So, you have been sued! What records will you need?
Matters are won and lost based on the evidence put before the Court. Planned Cover Risk Manager Filomena Matti takes us through the the detailed and accurate records a defendant will need.
You may already be familiar with the sinking feeling that accompanies receiving a statement of claim or subpoena, particularly if served in person.
Once the sinking feeling subsides, and you have notified your insurer and lawyer, what is the next step? The answer is evidence, or more accurately, collating the often-voluminous records brought about by modern society which may amount to evidence at trial.
This article will explore why keeping detailed and accurate records is integral to success in the prosecution or defence of a matter. In short, who cares and why?

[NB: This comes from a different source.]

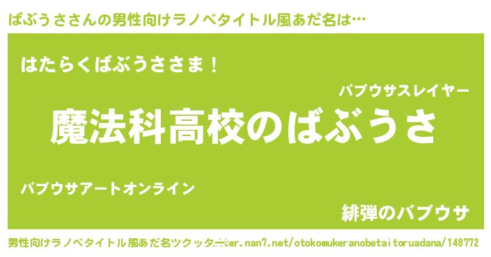 | 女子向けラノベタイトル風あだ名 | 『ばぶうさアンティーク』 |

Defending a matter (or prosecuting one) always begins with the production of every version of a plan, scribbled file note and email, which relates to your client and the project in any way. Your lawyer will want to see everything to properly advise on your chance of success. The production of these documents to the other party and the Court is a legal procedure called “discovery”. You will be required by law to provide all documents in your possession or control which relate to the issues in the proceeding.
What do you have to produce? Everything.
The following is a non-exhaustive list of discoverable documents you might be required to produce to the Court pursuant to the Commonwealth Evidence Act:
- Contractual documents (ie, your Consultancy Agreement, Novation Deeds, compliance certificates, statutory declarations)
- Pre-negotiation documents
- Plans, sketches, drawings, computations, whether in draft or final form
- File notes
- Text messages, phone records, voicemails
- Social media posts and messages
- Emails, WhatsApp or similar chats
- Photographs, drone footage
Matters are won and lost based on the evidence put before the Court. It is therefore incredibly important that you keep proper written records as contemporaneous evidence of what happened at the time the agreement was signed, and the project was ongoing. You can’t just “know” you are right – you must prove it. The required standard of proof in civil proceedings is “the balance of probabilities”.
How do you prove it? With accurate written records.
Written evidence outweighs oral evidence because they are contemporaneous records which are not affected by the passage of time, or the prejudice of either party. In short – they usually accurately reflect what happened at the time the project was undertaken and performed, rather than trying to rely on your memory alone as to who selected a defective product five years ago.
I recently discussed the importance of accurate records with a builder who informed me that issues often arise during construction due to discrepancies between tenders and finalised plans and specifications. Somewhere between the tender and working drawings, the carefully client-selected marble tile had morphed into a “marble like” tile, which was then installed in all wet areas of the project. The client was not impressed, insisted he did not make the change and was not willing to accept the faux marble tile. The architect paid two thirds of the cost of rectification following mediation with the builder as they could not prove when the selected tile had changed due to the earlier versions of the plans and specifications being overwritten. This cost of rectification might have been avoided if the records were accurate and all versions were stored correctly.
You may be thinking, how simple, let’s get everyone typing and recording. That is true to an extent, but the real key for your organisation will be having a clear record management policy, both for internal efficiency and if you find yourself involved in mediation or litigation.
Steps in your policy should include:
- A clear, simple definition of what a record is. You may consider including a list of examples, and what they should contain. All versions of tenders, plans and specifications should be kept to avoid situations like the above.
- A system to categorise records.
- A plan for how records will be stored (electronically and, if kept, hard copy).
- A retention policy that sets out how long records should be kept (Planned Cover’s Practice Guide – Document Management recommends at least ten years, and longer if possible) and how they are to be destroyed.
Your policy should also explain that if the rule of thumb is you will be required to produce “everything”, then care must be taken when recording and storing sensitive or personal information, particularly as it may have an adverse effect on the outcome of litigation. For example, simply because a document is marked “Confidential” or “Without Prejudice” does not automatically mean it is not a discoverable document or will not need to be produced pursuant to a subpoena.
Record management is everyone’s responsibility. Records should be comprehensive and accurate, and the management system intuitive and secure. After all, these records may be the very reason for your success in litigation.
Filomena Maffi is a Risk Manager with Planned Cover.
This article is only general advice in respect of risk management. It is not tailored to your individual needs or those of your business, nor is it intended to be relied upon as legal or insurance advice. For such assistance you should approach your legal and/or insurance advisors.